╭──

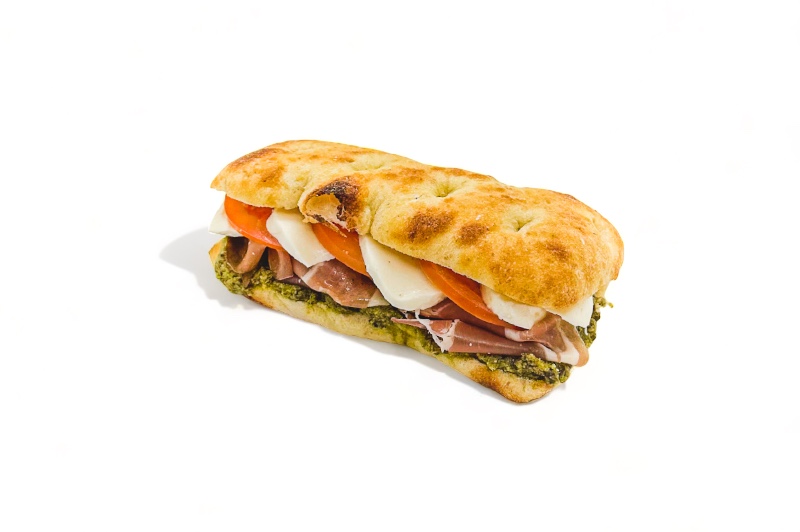 Schiacciata mozzarella met verse pesto, tomaat, balsamico, Prosciutto di Parma & rucola
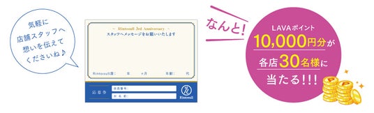 2024年12月1日(日)~12月25日(水)の期間、Rintosullをご利用いただく会員様を対象に3周年アニバーサリーメッセージ抽選会を実施します。Rintosull店頭にてお渡しするメッセージカードが応募券となり、メッセージを記入・応募いただいた方から抽選でLAVAポイント10,000円分を各店30名様にプレゼントします。
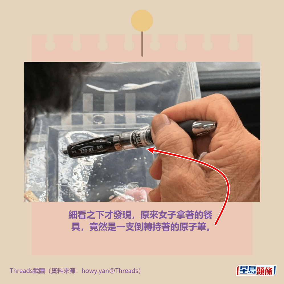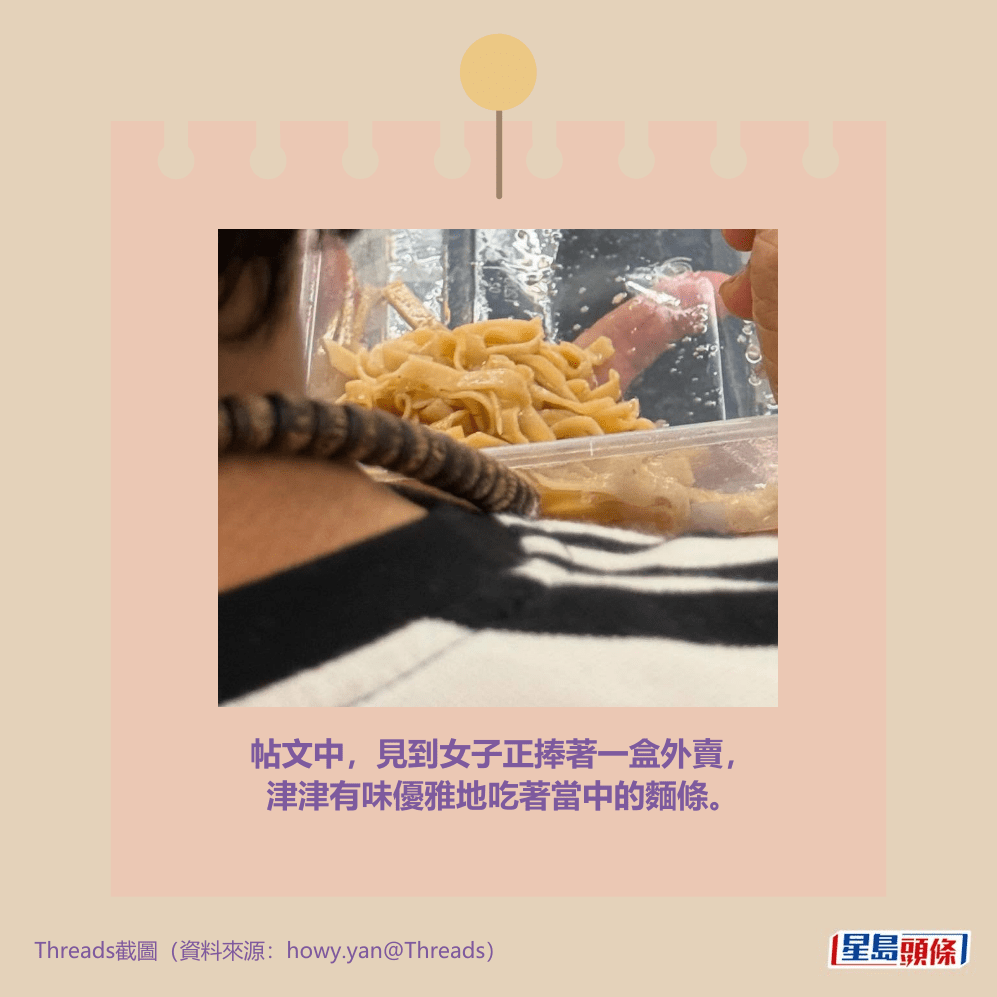 帖文中,見到女子正捧著一盒外賣,津津有味優雅地吃著當中的麵條。細看之下才發現,原來女子拿著的餐具,竟然是一支倒轉持著的原子筆。
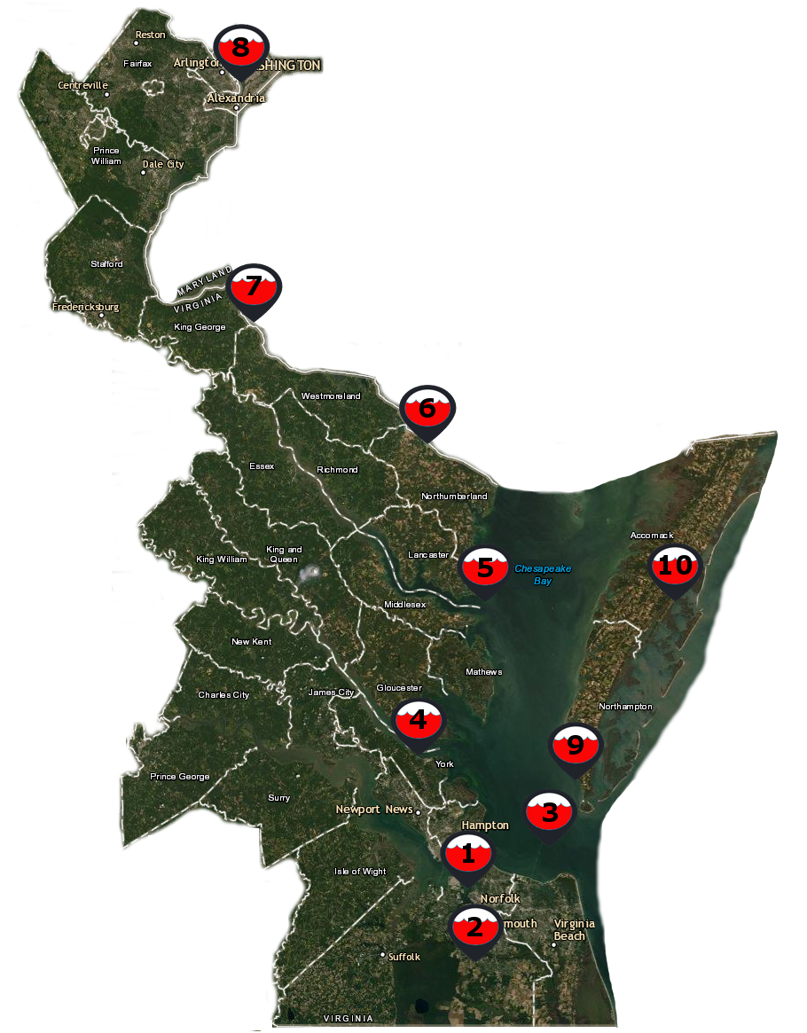 Click on one of the Tide Station Links below to access one of the National Oceanic and Atmospheric Administration's (NOAA) long-range interactive tide prediction charts. NOAA maintains 10 tide monitoring stations in VA. Refer to the map and click on the numbered station in the list below that is nearest to you to view the dates and times for the predicted tidal peaks for your area:
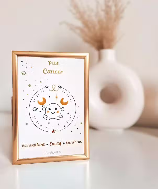 -Une carte de vœux format A6 laminage doré soulignant les traits de caractère du bébé selon son signe astrologique. La carte peut-être encadrée et servir de décoration dans la chambre de bébé.
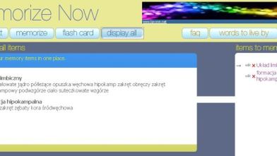 Zasada działania jest prosta. Wpisujemy nazwę (temat) ?karteczki? ? np. ?układ limbiczny? a poniżej uzupełniamy to, co chcemy zapamiętać ? np. ?ciało migdałowate, hipokamp, zakręt obręczy, zakręt przyhipokampowy, sklepienie, podwzgórze, ciało suteczkowate, wzgórze?. W ten sposób możemy stworzyć dowolną ilość ?karteczek?. Kiedy już jesteśmy gotowi, przystępujemy do zapamiętywania danych. Memorize Now daje całkiem sporo opcji ? pozwala wyświetlać odpowiedź w wielu formach ? zarówno jako listę z pominiętymi słowami (im więcej razy naciśniecie ?>? tym więcej informacji zostanie ukryte), jak i jako listę samych pierwszych (lub wybranych) liter. (jeśli najedziemy kursorem na literę ujawni nam się całe uryte słowo). Memorize Now pozwala też korzystać z ?karteczek? tak, jak korzystamy z nich tradycyjnie (opcja Flash card), czyli pokazać nam pytanie (temat) a następnie pokazać odpowiedź. Po sprawdzeniu informacji możemy zaznaczyć to, czy udało nam się odpowiedzieć. Po zakończonej sesji uczenia się, komputer poda nam podsumowanie. Korzystając z opcji "display all", możemy też po prostu wyświetlić sobie całą listę naszych pytań wraz z odpowiedziami.

╰──

■ **Your task**
The result should be the material above, unchanged and free of pictures; please print it.

■ **Exercise output**
 Schiacciata mozzarella met verse pesto, tomaat, balsamico, Prosciutto di Parma & rucola
 2024年12月1日(日)~12月25日(水)の期間、Rintosullをご利用いただく会員様を対象に3周年アニバーサリーメッセージ抽選会を実施します。Rintosull店頭にてお渡しするメッセージカードが応募券となり、メッセージを記入・応募いただいた方から抽選でLAVAポイント10,000円分を各店30名様にプレゼントします。
 帖文中,見到女子正捧著一盒外賣,津津有味優雅地吃著當中的麵條。細看之下才發現,原來女子拿著的餐具,竟然是一支倒轉持著的原子筆。
 Click on one of the Tide Station Links below to access one of the National Oceanic and Atmospheric Administration's (NOAA) long-range interactive tide prediction charts. NOAA maintains 10 tide monitoring stations in VA. Refer to the map and click on the numbered station in the list below that is nearest to you to view the dates and times for the predicted tidal peaks for your area:
 -Une carte de vœux format A6 laminage doré soulignant les traits de caractère du bébé selon son signe astrologique. La carte peut-être encadrée et servir de décoration dans la chambre de bébé.
 Zasada działania jest prosta. Wpisujemy nazwę (temat) ?karteczki? ? np. ?układ limbiczny? a poniżej uzupełniamy to, co chcemy zapamiętać ? np. ?ciało migdałowate, hipokamp, zakręt obręczy, zakręt przyhipokampowy, sklepienie, podwzgórze, ciało suteczkowate, wzgórze?. W ten sposób możemy stworzyć dowolną ilość ?karteczek?. Kiedy już jesteśmy gotowi, przystępujemy do zapamiętywania danych. Memorize Now daje całkiem sporo opcji ? pozwala wyświetlać odpowiedź w wielu formach ? zarówno jako listę z pominiętymi słowami (im więcej razy naciśniecie ?>? tym więcej informacji zostanie ukryte), jak i jako listę samych pierwszych (lub wybranych) liter. (jeśli najedziemy kursorem na literę ujawni nam się całe uryte słowo). Memorize Now pozwala też korzystać z ?karteczek? tak, jak korzystamy z nich tradycyjnie (opcja Flash card), czyli pokazać nam pytanie (temat) a następnie pokazać odpowiedź. Po sprawdzeniu informacji możemy zaznaczyć to, czy udało nam się odpowiedzieć. Po zakończonej sesji uczenia się, komputer poda nam podsumowanie. Korzystając z opcji "display all", możemy też po prostu wyświetlić sobie całą listę naszych pytań wraz z odpowiedziami.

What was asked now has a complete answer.